La educación puede ocupar un lugar central en la articulación de los diversos proyectos de cambio existentes en el continente. Y no porque vayamos a tener una educación similar en nuestros países, pues las historias y los desarrollos de cada uno son singulares, sino porque es innegable que América Latina tiene un umbral común, negado durante muchos años, que debemos recuperar dentro de los sistemas educativos públicos.
Con respecto a Chile, por desgracia, lo que podemos poner como ejemplos son nuestros dramas. En nuestro país, la evaluación estandarizada ya no es un mecanismo de desarrollo del proceso de enseñanza-aprendizaje, sino un indicador de mercado. A las escuelas les corresponde un puntaje de acuerdo a esa evaluación y los padres eligen la institución según esa calificación. En la teoría eso suena perfecto, pero en la realidad significó, en palabras de la Organización para la Cooperación y el Desarrollo Económicos (OCDE), que “Chile ha construido intencionadamente el sistema educativo más segmentado en el mundo”, lo cual resulta un eufemismo para no decir clasista. Y eso es responsabilidad de la dictadura de Augusto Pinochet, pero también de los gobiernos democráticos posteriores, que profundizaron ese clasismo.

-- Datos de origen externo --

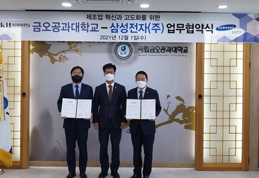 삼성전자-금오공대 MOU 체결 사진(2021.12.1.) | [구미=경북IT뉴스] 김영식 국회의원은 지난해 말 삼성전자 베트남 스마트폰 협력사 생산라인(2개)의 경북 구미 사업장 이전에 대해 환영한다고 밝혔다. 삼성전자가 제조 거점을 해외로 옮긴 후 구미 공장 생산라인을 확충한 것은 처음이기 때문이다.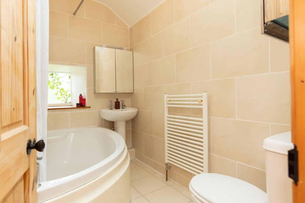 Bathroom 2.63m x 1.57m Tiled floor, wall tiling, WC, corner bath with pump shower.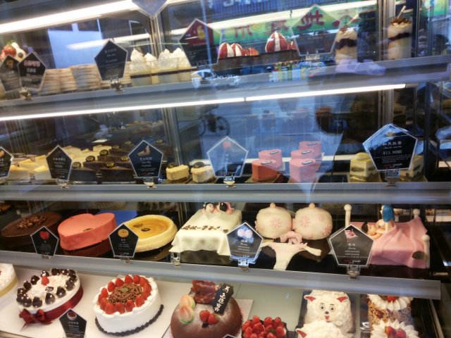 本来截止日期已经到了,但是商家好像是延期了,于是在大年三十的前一天屁颠儿屁颠儿的领蛋糕去了,北风那个吹啊我去~天气真是各种冷,进入到店里的时候瞬间温暖,但是左看木有服务员,右看还是木有服务员,只有一个服务员在打电话,然后还有两个烘培师在唠嗑,哦对了~还有一个顾客在挑蛋糕。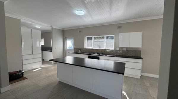 The kitchen is the heart of the home, featuring granite countertops, a central island, gas hob, under-counter oven, and a separate scullery/laundry for added convenience.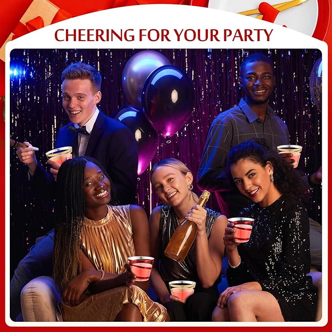 Gejoy 9 oz Rimmed Swirl Plastic Cups Disposable Wine Drinking Cups Clear Elegant Halloween Tumblers for Christmas Party Supplies(Red, Gold,100 Pcs)

El mecanismo para ello fue pensar desde una concepción de Estado de Bienestar en medio de un Estado neoliberal. El razonamiento fue: estamos en transición democrática, necesitamos más recursos para las escuelas y la derecha domina el Parlamento; entonces, hagamos que paguen más los que tienen más, menos los que tienen menos y que no paguen los que no tienen. Fuera de todo contexto, esa propuesta parece redistributiva, pero terminó generando escuelas de los que no poseen nada, de los que cuentan con algo y de los que más tienen y que las instituciones de los más pobres sean las públicas, mientras las otras reciben financiamiento de sus estudiantes y del Estado.

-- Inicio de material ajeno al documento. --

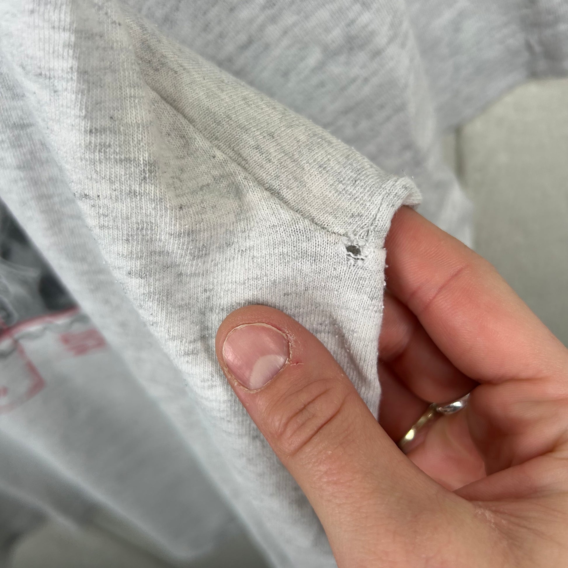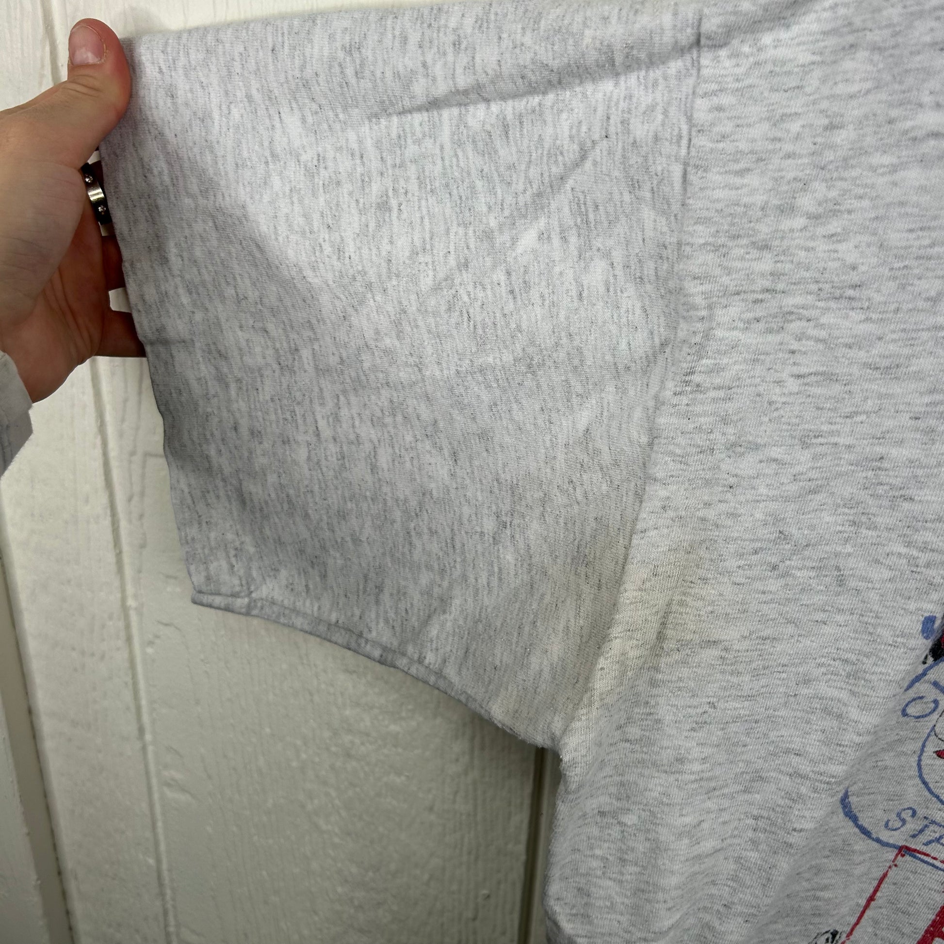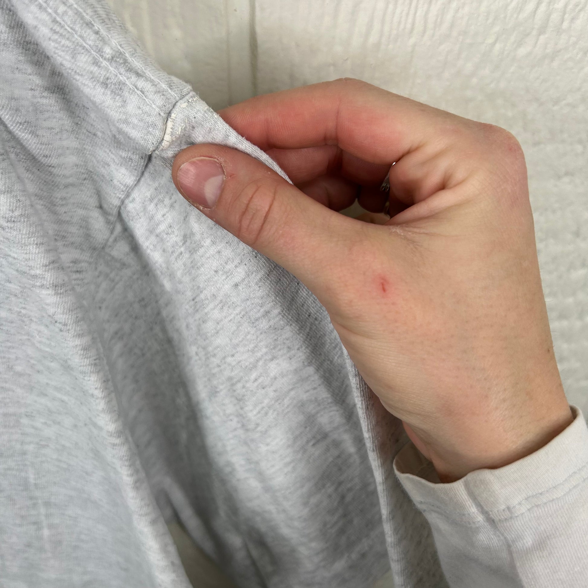 This item is vintage and has been previously worn. There are some armpit stains pictured and a small hole, please review all pictures before purchasing. All items are washed before purchase.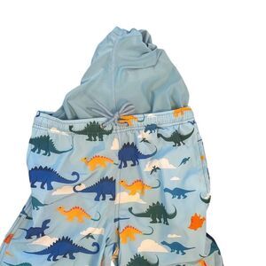 The Mevireiy swim shorts for boys, available in size 10-12, feature a playful dinosaur print in blue. Designed for summer, beach, and pool activities, these swim bottoms are made from quick-dry fabric. They include an elastic waistband, adjustable drawstring, and side pockets for convenience. Suitable for recreational use, they are machine washable for easy care. Condition: New.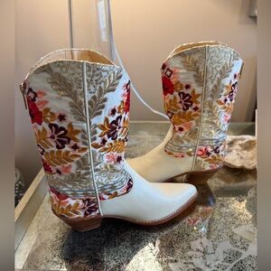 Anthropologie Momo New York embroidered silk western boots aniles size 39/ 9 new without box or tags. Current on the website.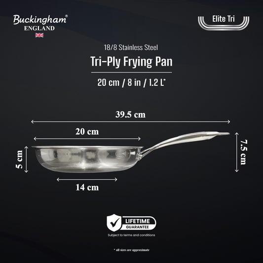 Buckingham Elite-Tri 18/8 Stainless Steel Frying Pan Uncoated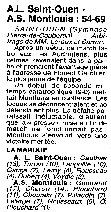 Saison 1995-1996 : En Championnat Régionale Masculine 3, AL St Ouen bat AS Montlouis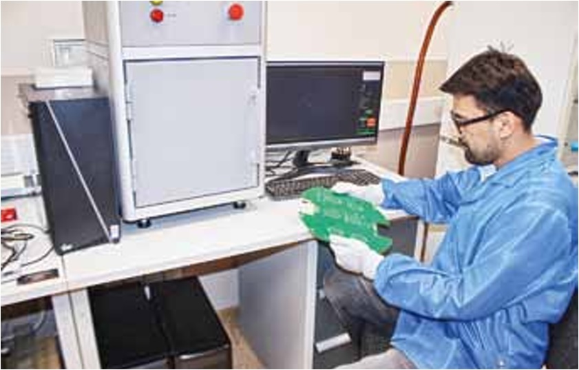 Второй этап – контроль внешнего вида печатных плат (рис. 1). Плата проходит контроль по внешнему виду после каждой технологической процедуры. При выявлении дефектов плата не допускается к следующим этапам производства. Кроме контроля внешнего вида, заготовка проходит электроконтроль. Такой подход позволяет фиксировать и исправлять нарушения еще на стадии производства в АО «ТЕСТПРИБОР», что существенно повышает качество плат как в процессе производства, так и при предъявлении заказчику.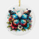 Ornamento De Cerâmica Borboleta Azul e Flores Personalizadas no Natal

Otra cuestión es la calidad educativa. El sistema de educación chileno tenía 88% de su matrícula en el sector público en 1980. Este resulta un tema importante, porque la privatización siempre presentó como un logro la cobertura alcanzada, pero en Chile siempre estuvo garantizada por el sistema estatal. Lo que realmente prometía el neoliberalismo era mayor calidad y resulta que la crisis que tenemos actualmente radica allí. Entonces, desde el punto de vista de una buena educación, fue un completo fracaso. Pero todo eso, además, tuvo su impacto en la sociedad, porque fue creando cierto sentido común y en la actualidad los maestros tenemos que enfrentarnos con eso. Por ejemplo, se impuso la idea de que únicamente vale aquello que es pago. Eso se introdujo en la conciencia de la educación en Chile y así estamos casi por acabar con la educación gratuita.
Cuando los jóvenes salieron a la calle en 2006 -y luego en 2011, en 2012 y en 2013-, no lo hicieron solo por infraestructura, mejores sanitarios o el pasaje escolar, sino porque tomaron conciencia de que en un sistema educativo como el chileno, no importa el esfuerzo para prosperar.

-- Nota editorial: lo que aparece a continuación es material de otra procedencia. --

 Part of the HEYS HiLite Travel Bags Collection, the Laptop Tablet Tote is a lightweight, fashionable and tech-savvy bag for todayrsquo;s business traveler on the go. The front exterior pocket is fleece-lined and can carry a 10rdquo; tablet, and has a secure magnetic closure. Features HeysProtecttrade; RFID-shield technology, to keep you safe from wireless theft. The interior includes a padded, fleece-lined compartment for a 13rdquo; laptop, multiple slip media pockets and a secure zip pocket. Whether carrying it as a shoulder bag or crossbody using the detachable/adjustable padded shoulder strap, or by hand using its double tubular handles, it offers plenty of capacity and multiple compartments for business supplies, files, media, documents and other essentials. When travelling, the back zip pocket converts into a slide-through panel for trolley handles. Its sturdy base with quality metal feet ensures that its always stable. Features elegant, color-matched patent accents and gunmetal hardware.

En Chile tenemos la necesidad de impulsar el Movimiento Pedagógico, y tendrá que ser la organización sindical quien lo promueva. Debemos hacerlo para recuperar con contenido la educación pública y el rol docente, que debe ser transformador y liberador. Paulo Freire lo repitió muchas veces: la escuela y el sistema educativo no cambian las sociedades, pero sí a quienes van a modificar las sociedades. Si se destruye la escuela pública, se aleja la posibilidad de esa transformación. Eso es lo que se intentó en Chile y contra ello es que estamos generando propuestas desde los trabajadores.